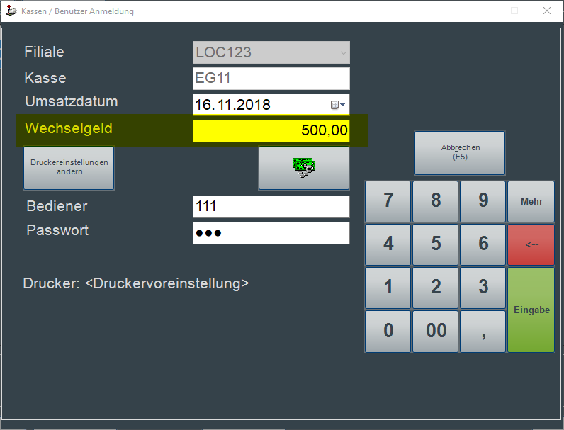 Der Wechselgeldanfang in Grundwährung kann direkt in der Kassen / Benutzer Anmeldung als Summe hinterlegt werden.
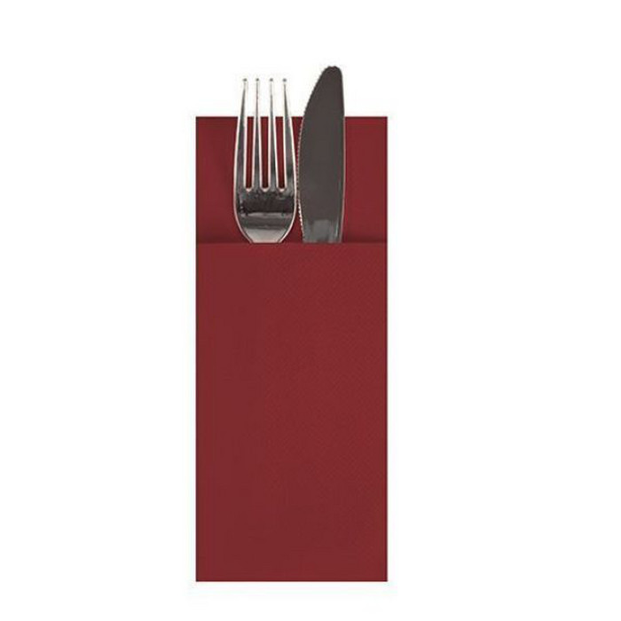 Lot de 4 cartons serviettes PRESTIGE airlaid pocket couleur bordeaux.
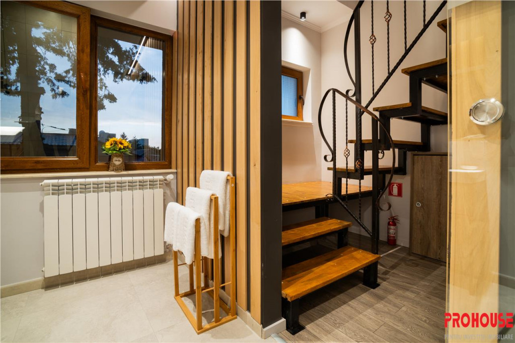Vila situat#259; pe strada Armoniei, icirc;ntr-o zon#259; ultracentral#259; a ora#537;ului, reprezint#259; o oportunitate excelent#259; atacirc;t pentru investi#539;ii, cacirc;t #537;i pentru locuit. Cu o suprafa#539;#259; total#259; de 265 mp respectiv 254 mp utili, aceast#259; proprietate tip S P 1E M dispune de un teren aferent de 253 mp, oferind spa#539;iu generos #537;i func#539;ionalitate icirc;ntr-o loca#539;ie de top. Proprietatea este configurat#259; pentru a g#259;zdui atacirc;t activit#259;#539;i de locuit cacirc;t #537;i o afacere de succes, fiind icirc;n prezent icirc;nregistrat#259; pe platforma Booking. Vila este compus#259; din 7 camere, fiecare cu baie proprie, incluzacirc;nd: o camer#259; single deluxe, patru camere duble deluxe, o camer#259; dubl#259; deluxe cu balcon #537;i un apartament king deluxe. Toate camerele sunt mobilate #537;i utilate complet, accesul in fiecare camera se face pe baza de card de acces, oferind un nivel ridicat de confort #537;i elegan#539;#259;. De asemenea, vila dispune de o buc#259;t#259;rie comun#259;, complet echipat#259;, care poate deservi atacirc;t oaspe#539;ii, cacirc;t #537;i proprietarii. Mobilierul #537;i dot#259;rile moderne, icirc;mpreun#259; cu finisajele de calitate, fac din aceast#259; vil#259; o proprietate ideal#259; pentru cei care doresc s#259; icirc;mbine confortul personal cu oportunit#259;#539;ile unei afaceri icirc;n domeniul turismului. Imobilul este disponibil pentru vacirc;nzare exclusiv prin agen#539;ia PROHOUSE, asiguracirc;ndu-se astfel o intermediere profesionist#259; #537;i de icirc;ncredere pentru o tranzac#539;ie de succes. Aceasta vil#259; este alegerea perfect#259; pentru cei care caut#259; un spa#539;iu sofisticat #537;i versatil, gata s#259; fie folosit atacirc;t ca locuin#539;#259;, cacirc;t #537;i ca surs#259; sigur#259; de venit. Agentia PROHOUSE Bacau- str. Nicolae Balcescu nr. 5, mezanin Contact: Andreea- 0757 117 118, Alexandru- 0755 117 118
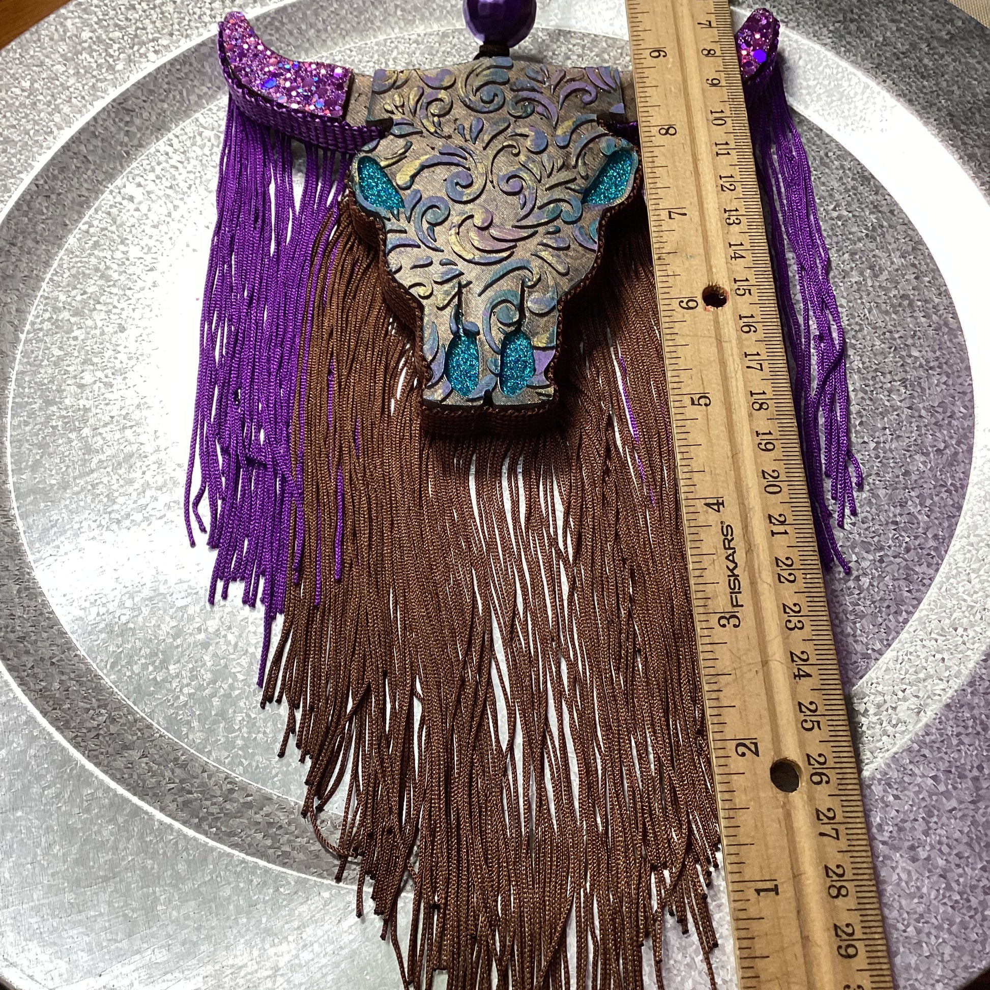 Tooled Leather Bull Skull With Fringe - Creamy Coconut Scent | Car Freshie | Car Freshy| Air Freshener | Car Accessory | Vehicle Decor | Gifts
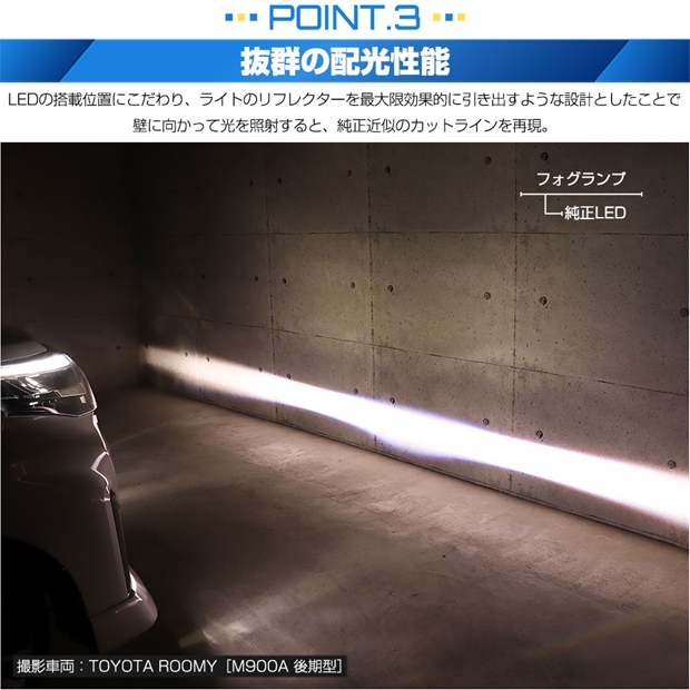 | 純正を凌駕する全光束8400ルーメン。リフレクター性能を最大限に引き出すカットラインを再現する「LED MONSTER フォグバルブ」 | |
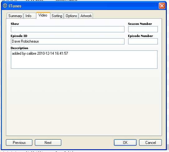 And the results in iTunes. As you can see, the series are sent to Episode ID, but Episode Number is blank. Calibre version 0.7.33 My way of adding books to iTunes is right clicking in the books, and choosing: Send to device -> Send to main memory. Maybe I'm doing this wrong? |
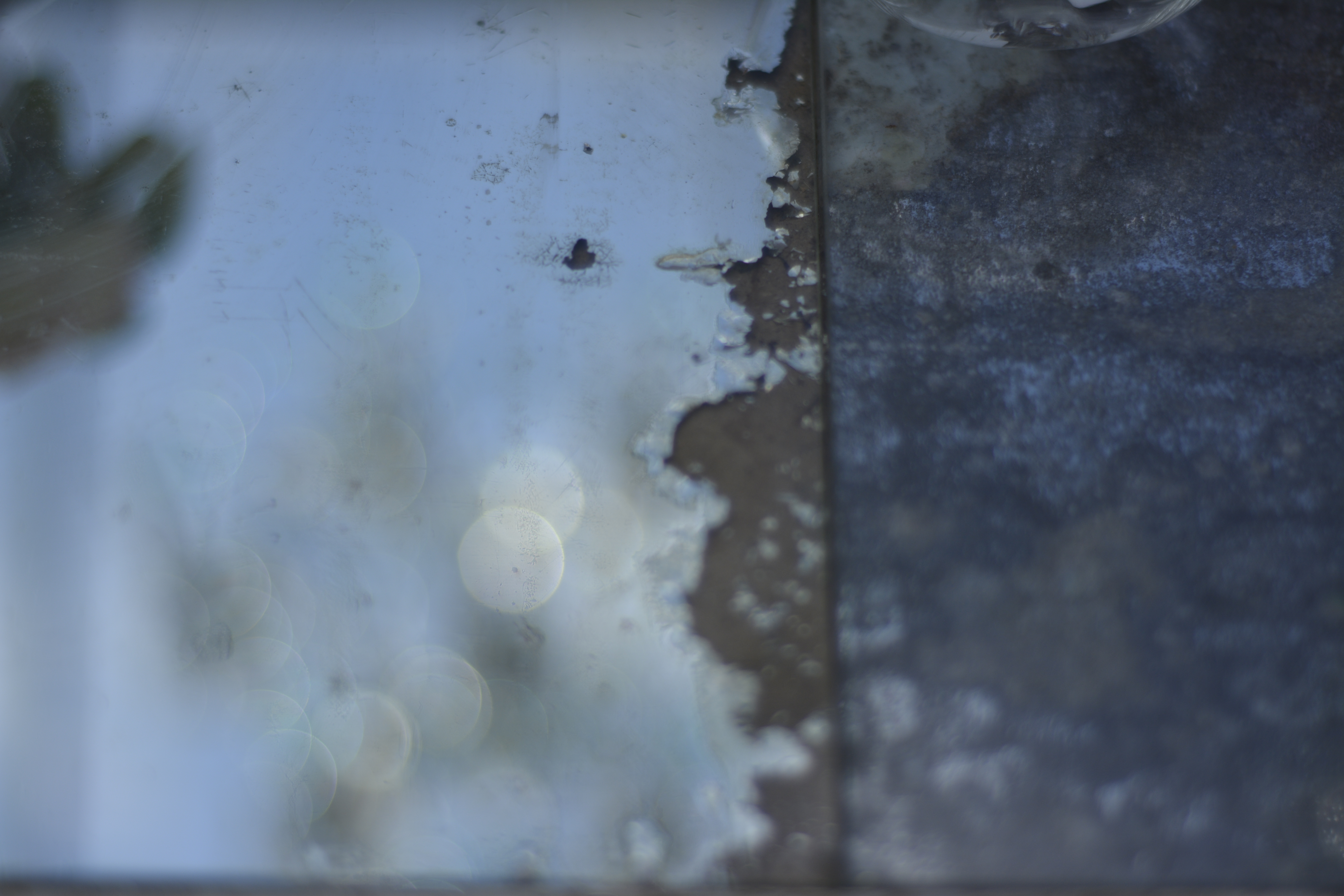 Below are some close ups of an old mirrored table. I like that I have focused on the decaying mirror and therefore captured some small points of Bokeh in the reflection.

--- --- ---

_DIRECTIONS FOR THIS TASK_
Would you copy, exactly, each line from the start of the listing above through the line with "Lot de 4 cartons", both ends included, but none of the pictures?

_COMPLETED EXERCISE_
 Der Wechselgeldanfang in Grundwährung kann direkt in der Kassen / Benutzer Anmeldung als Summe hinterlegt werden.
 Lot de 4 cartons serviettes PRESTIGE airlaid pocket couleur bordeaux.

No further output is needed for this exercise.